- [Instructions for the task]: In the material below, pictures must be dropped. Repeat exactly, and only, the lines from the line with "这个三拱门的西式门廊是南京总" to the line with "2023年专题学习《关于在全", both ends included.

┄┄┄┄┄┄

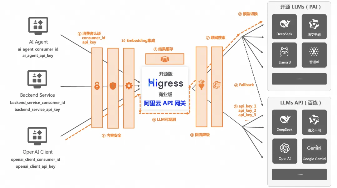 多模型服务只是 Higress AI 网关的基本能力之一,其他进阶能力还包括消费者鉴权、模型自动切换等,可以集中解决用户遇到的以下三类问题:
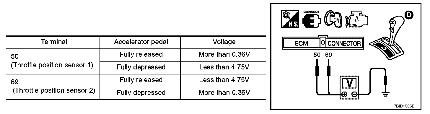 5. Check voltage between ECM terminals 50 (TP sensor 1 signal), 69 (TP sensor 2 signal) and ground under the given conditions.
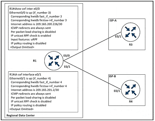 Refer to the exhibit. The company implemented uRPF to address an antispoofing attack. A network engineer received a call from the IT security department that the regional data center is under an IP attack Which configuration must be implemented on R1 to resolve this issue?
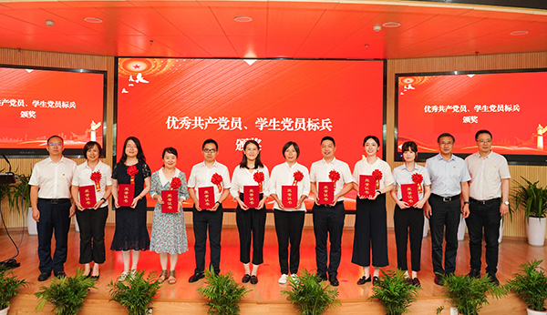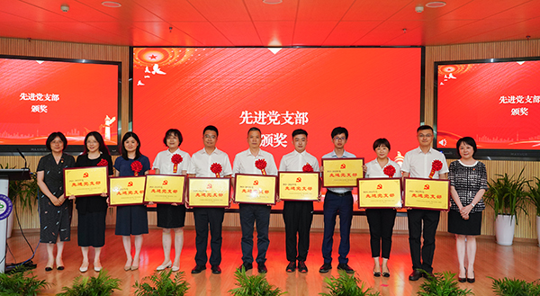 党委副书记、纪委书记沈颉飞宣读了院党委关于表彰先进党支部和优秀共产党员的决定,院党委书记谭静、院长叶玲为先进党支部颁奖,党委副书记林云锋、副院长祝颂松、工会主席王晓毅为优秀个人颁奖,受表彰的优秀共产党员代表王剑同志作了交流发言。
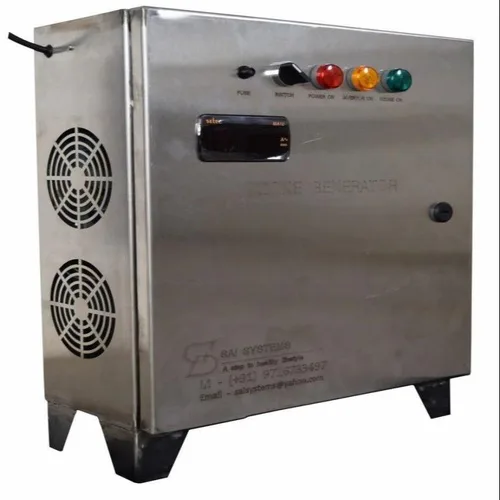 Semi-automatic stainless steel ozone generator for effluent treatment plants. Operates on 240V electrical power with 50 Hz frequency.
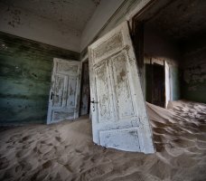Ces images de land art ont été shootées dans les maisons abandonnées et les villes fantômes du désert de Namibie.
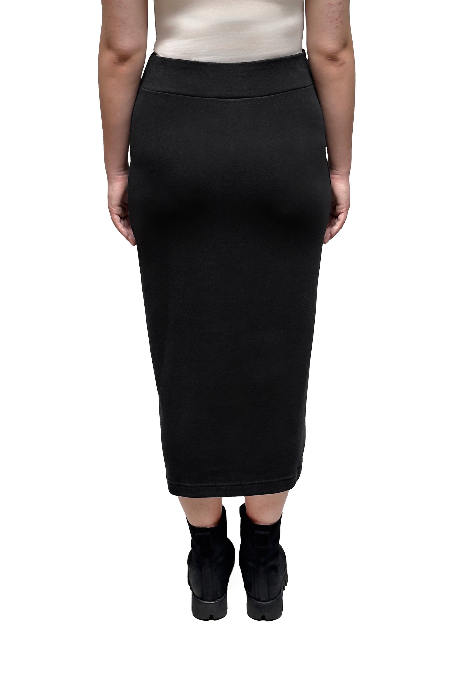 This is a classic pencil skirt in Mama B’s cozy knit fabric. It ends just below the calf.
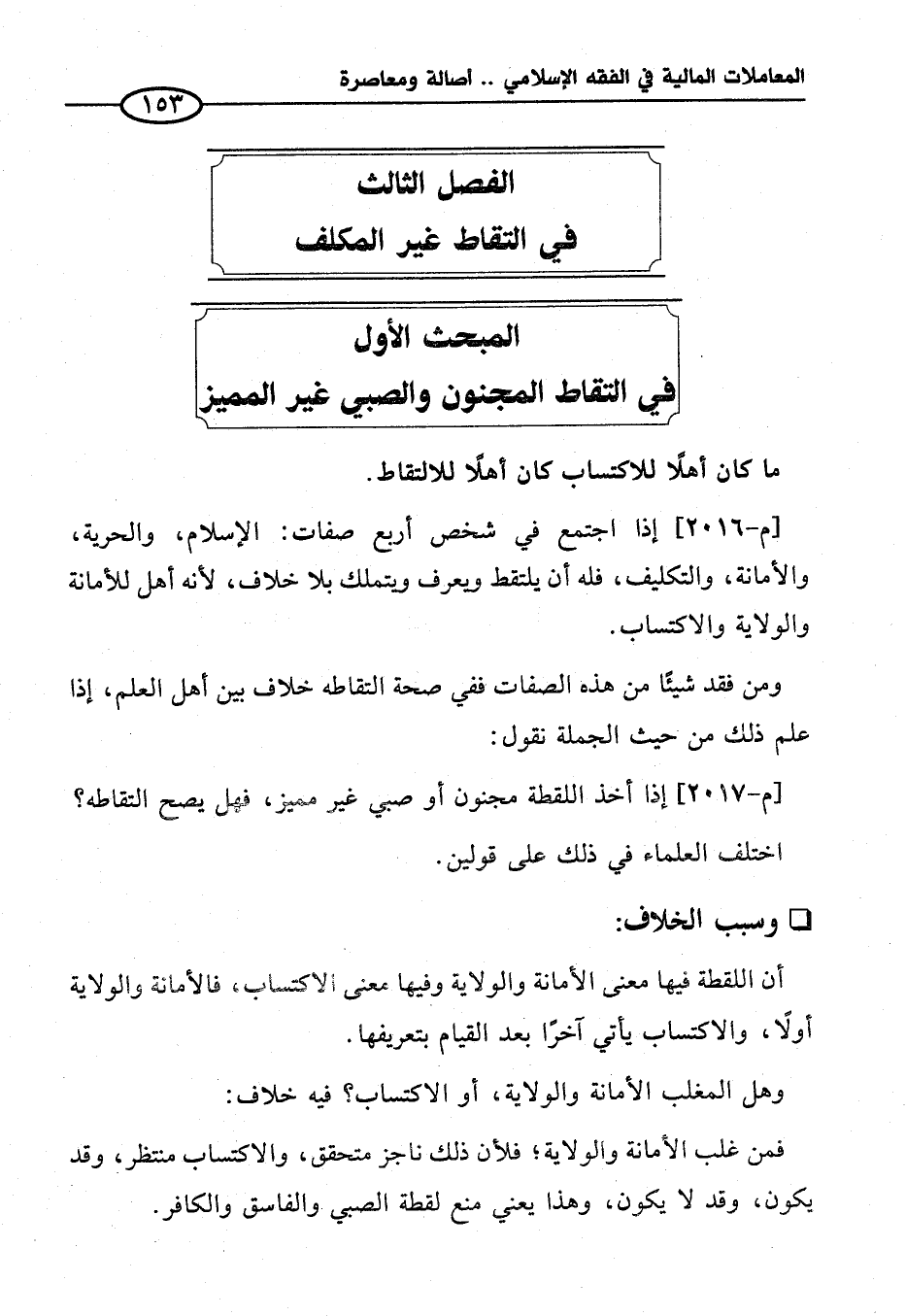 الفصل الثالث في التقاط غير المكلف
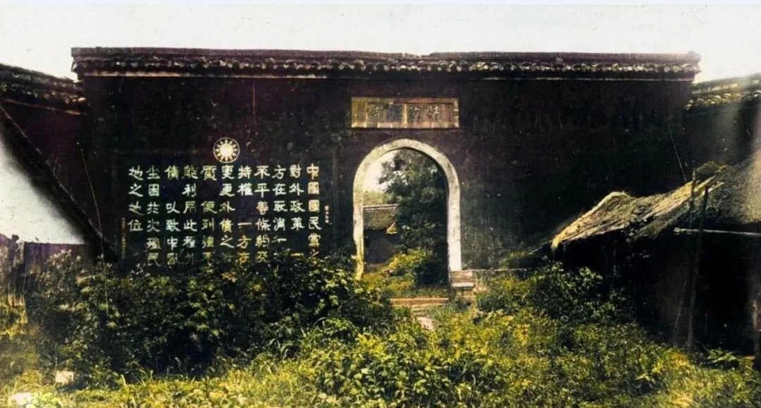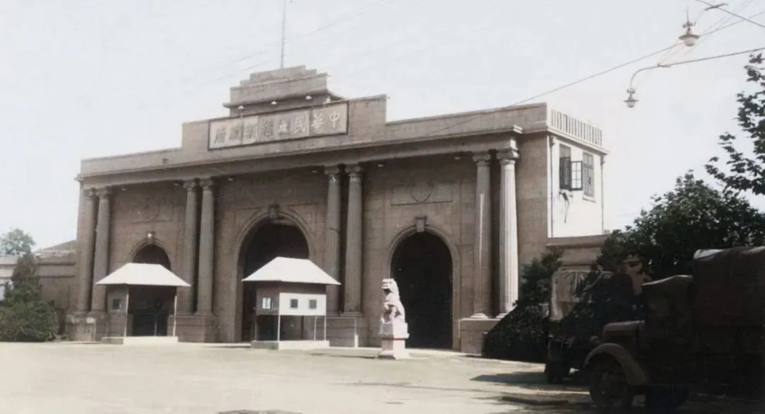 这个三拱门的西式门廊是南京总统府旧影,立柱粗壮,门楣上“中华民国维新政府”的字样还在,门口立一尊石狮,阴影压得广场发白,那会儿旗子还没换色,空气里已经有风声了。
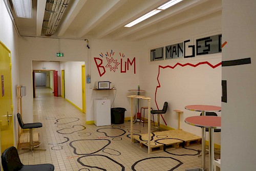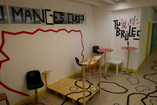 “Comment expérimenter différemment un espace traversé, sans fonction ni usage premier ? Un couloir, un escalier, une salle de repos. Comment détourner les usages ordinaires que l’on trouve dans les “passages”?”
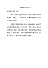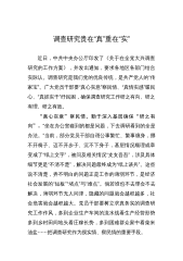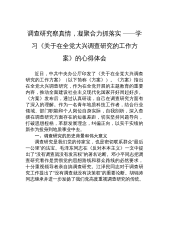 2023年专题学习《关于在全党大兴调查研究的工作方案》研讨交流发言材后附实施方案第1篇,共7篇近日,中办印发了《关于在全党大兴调查研究的工作方案》,明确了在全党大兴调查研究的重要意义,提出了在全党大兴调查研究之风的五个必须坚持的总体要求,明确了12个方面的主要调研内容,规定了在全党大兴调查研究的6个方法步骤,强调了4项工作要求。可以说,虽然调查研究一直是党强调的传家宝,全党一直在强化调查研究的重要性并切实持续推进调查研究,但以工作方案和专项通知的形式做出如此系统明确的规定,还是极少见的。可见,越到经济社会发展的关键时期,越到谋事创业的重大关头,调查研究这个传家宝,就越显重要,就越显价值。大兴调...
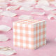 Agregue esta clásica caja de regalos de fiesta diseñada con cuadros de gingham en naranja pálido a su evento. Un diseño divertido para cualquier baby shower, despedida de soltera o fiesta de cumpleaños.
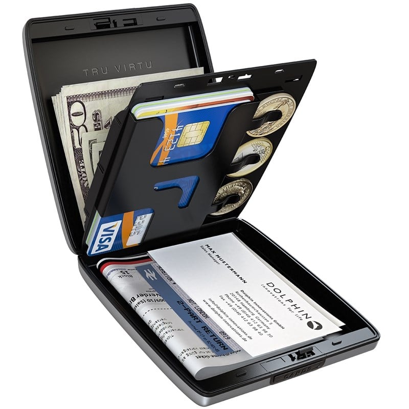 Tru Virtu® Money & Cards, patentli saklama sistemi sayesinde banknotlarınız ve kartlarınız birbirinden bağımsız bölmelerde tutulur. Her bölme kendi düğmesi sayesinde kolayca açılır.

┄┄┄┄┄┄

- [Output of the task]:
 这个三拱门的西式门廊是南京总统府旧影,立柱粗壮,门楣上“中华民国维新政府”的字样还在,门口立一尊石狮,阴影压得广场发白,那会儿旗子还没换色,空气里已经有风声了。
 “Comment expérimenter différemment un espace traversé, sans fonction ni usage premier ? Un couloir, un escalier, une salle de repos. Comment détourner les usages ordinaires que l’on trouve dans les “passages”?”
 2023年专题学习《关于在全党大兴调查研究的工作方案》研讨交流发言材后附实施方案第1篇,共7篇近日,中办印发了《关于在全党大兴调查研究的工作方案》,明确了在全党大兴调查研究的重要意义,提出了在全党大兴调查研究之风的五个必须坚持的总体要求,明确了12个方面的主要调研内容,规定了在全党大兴调查研究的6个方法步骤,强调了4项工作要求。可以说,虽然调查研究一直是党强调的传家宝,全党一直在强化调查研究的重要性并切实持续推进调查研究,但以工作方案和专项通知的形式做出如此系统明确的规定,还是极少见的。可见,越到经济社会发展的关键时期,越到谋事创业的重大关头,调查研究这个传家宝,就越显重要,就越显价值。大兴调...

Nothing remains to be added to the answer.